Practice tip: Counsel and parties must plan early when witnesses are abroad, especially outside Hague Convention countries. Seek official permissions, use Annex 3 of PD22A, and liaise with the Foreign Office well in advance.

  1. Court Orders Must Mean Something

Multiple disclosure orders were made. The husband ignored most of them. Bank accounts were allegedly closed “by the banks” just before disclosure deadlines. Key documents were missing until penal notices were issued.

The judgment is a sobering reminder that failure to comply with disclosure can be more costly than disclosure itself. Judges may—and should—fill in the gaps with common sense and robust inference.

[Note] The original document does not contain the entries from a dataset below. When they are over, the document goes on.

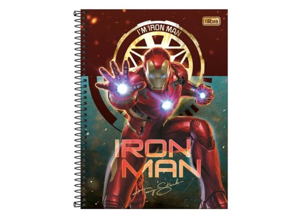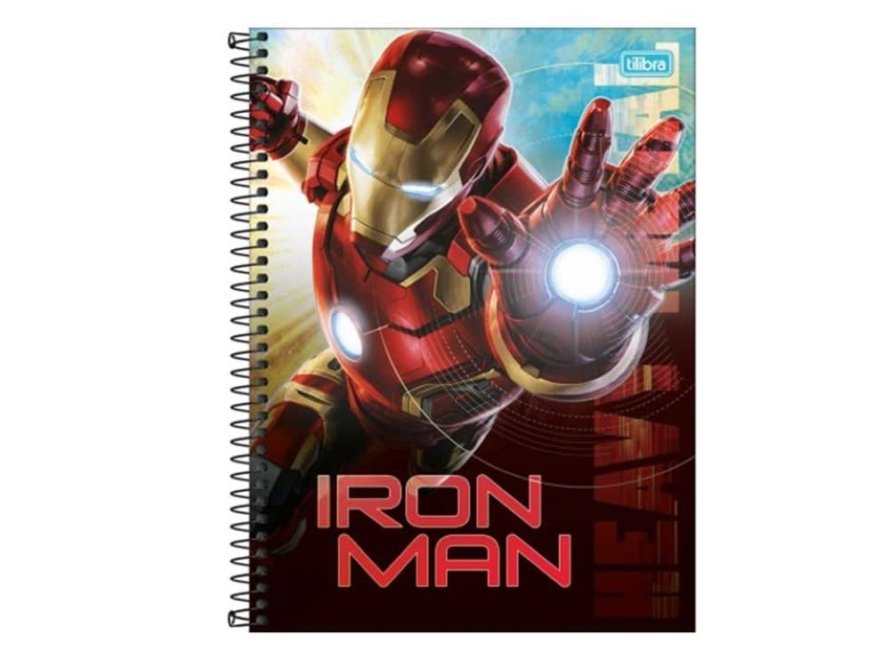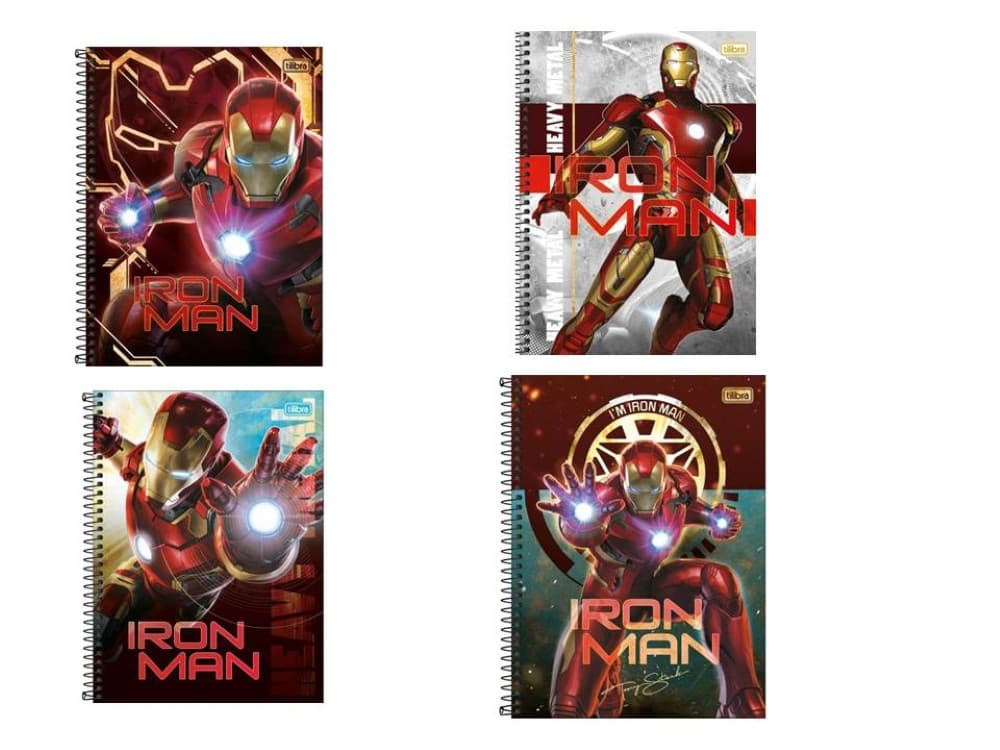 Capa dura com acabamento metalizado e parte interna decorada — visual com tema do super-herói Iron Man, ideal para fãs.
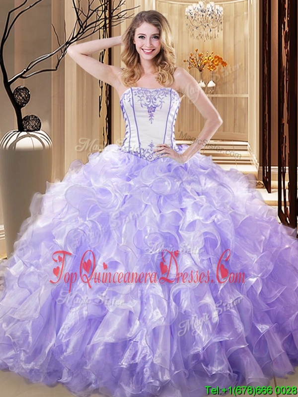 Lavender Strapless Neckline Embroidery and Ruffles Quince Ball Gowns Sleeveless Lace Up
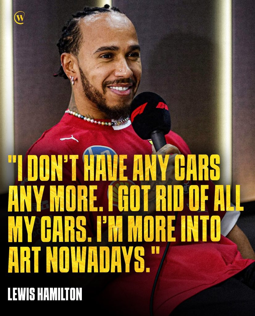 Hamilton explained his decision with honesty and simplicity. “I don’t have any cars any more. I got rid of all my cars. I’m more into art nowadays.” That statement alone says everything. Cars, once a passion and a showcase of success, no longer hold the same meaning for him. Instead, he has shifted his energy toward art and creativity, appreciating beauty in forms that aren’t tied to speed or horsepower.
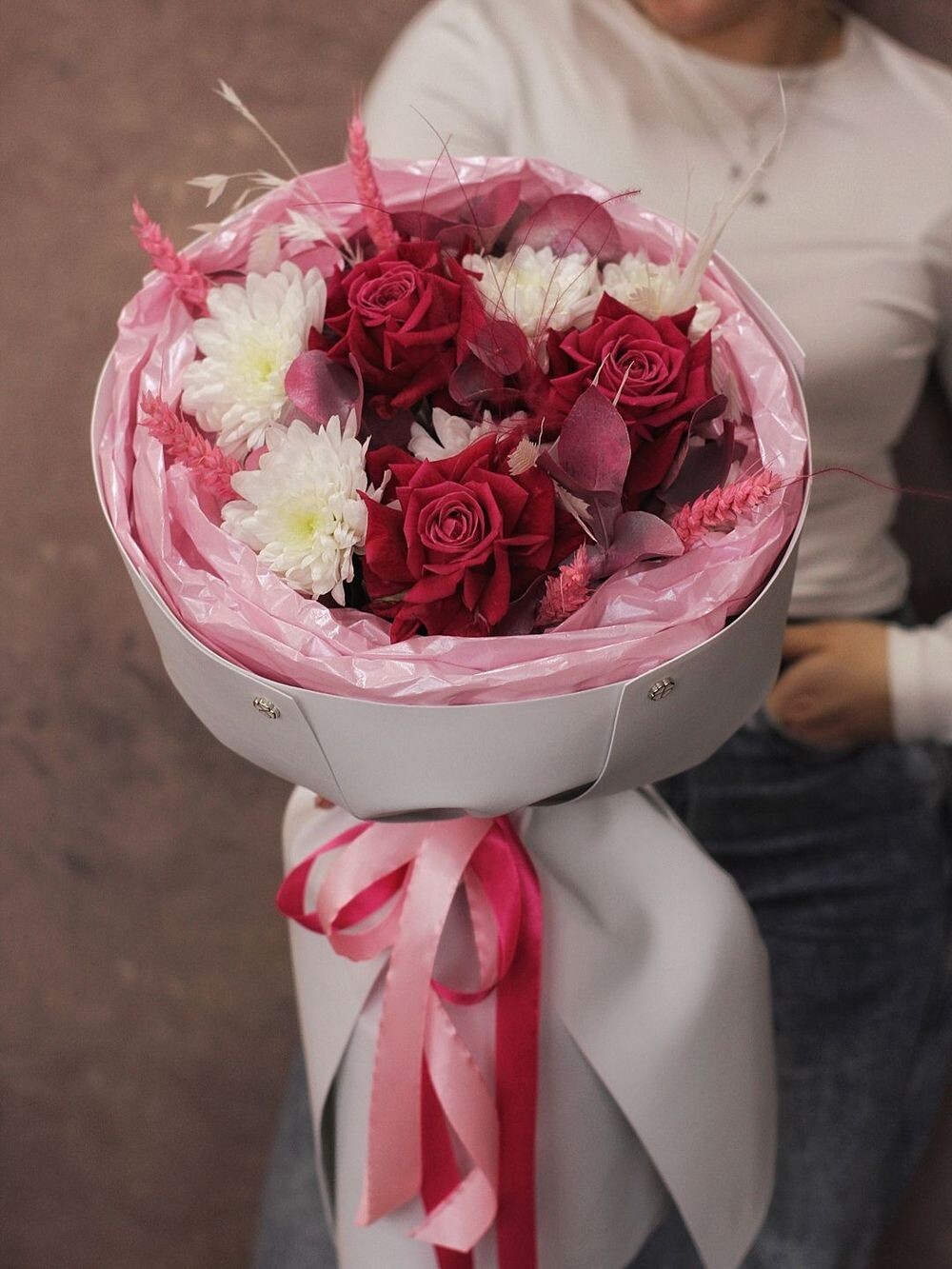Хризантема 1шт Роза 3шт Эвкалипт 4шт Сухоцвет
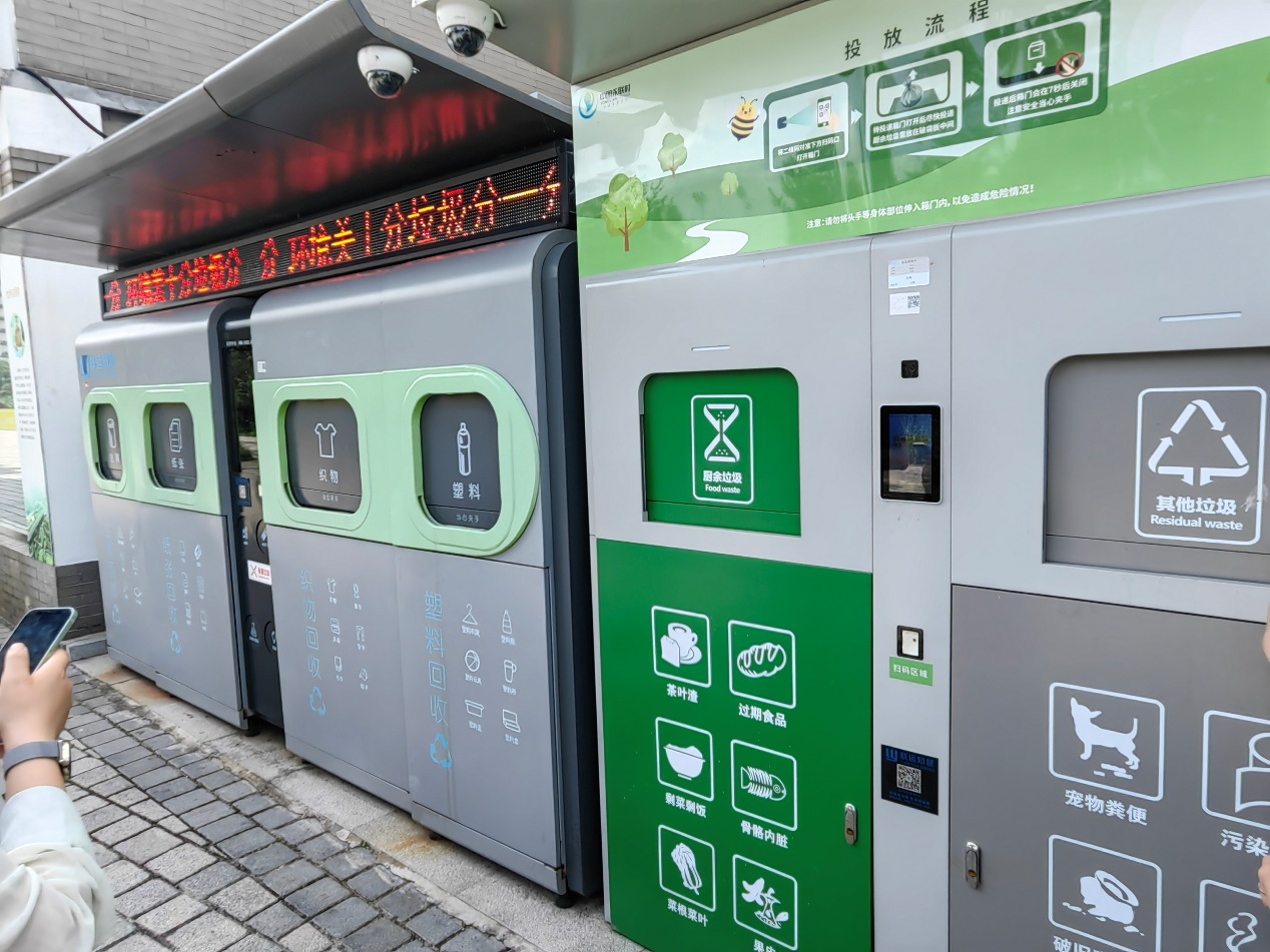 原來(lái),村里給每戶居民分發(fā)的垃圾袋上都有二維碼,投遞后網(wǎng)絡(luò)實(shí)時(shí)處理,獲得的信用積分可以兌換禮物,如有違規(guī)投遞,還可通過(guò)視頻攝像頭高清留痕。這樣的垃圾回收箱在城市里尚未普及,而在永聯(lián)村,已有100多個(gè),覆蓋全部4000余戶居民的生活場(chǎng)所。

  1. When Modest Meets Complex

This case underscores a central truth in family litigation: complexity does not correlate with asset value. Even where the finances are modest, gamesmanship, non-cooperation, and international entanglements can make for highly technical, demanding litigation.

Final Thought

PZ v ZD may not involve millions, but it showcases the full weight of the court’s powers when faced with persistent non-disclosure and cross-jurisdictional complications. It’s a cautionary tale for parties who believe that living overseas, pleading poverty, or closing bank accounts will shield them from judicial scrutiny.

For family lawyers, it’s a timely reminder that careful preparation, technical awareness (particularly around remote evidence and disclosure), and a firm hand on procedure are essential—even in “small” cases.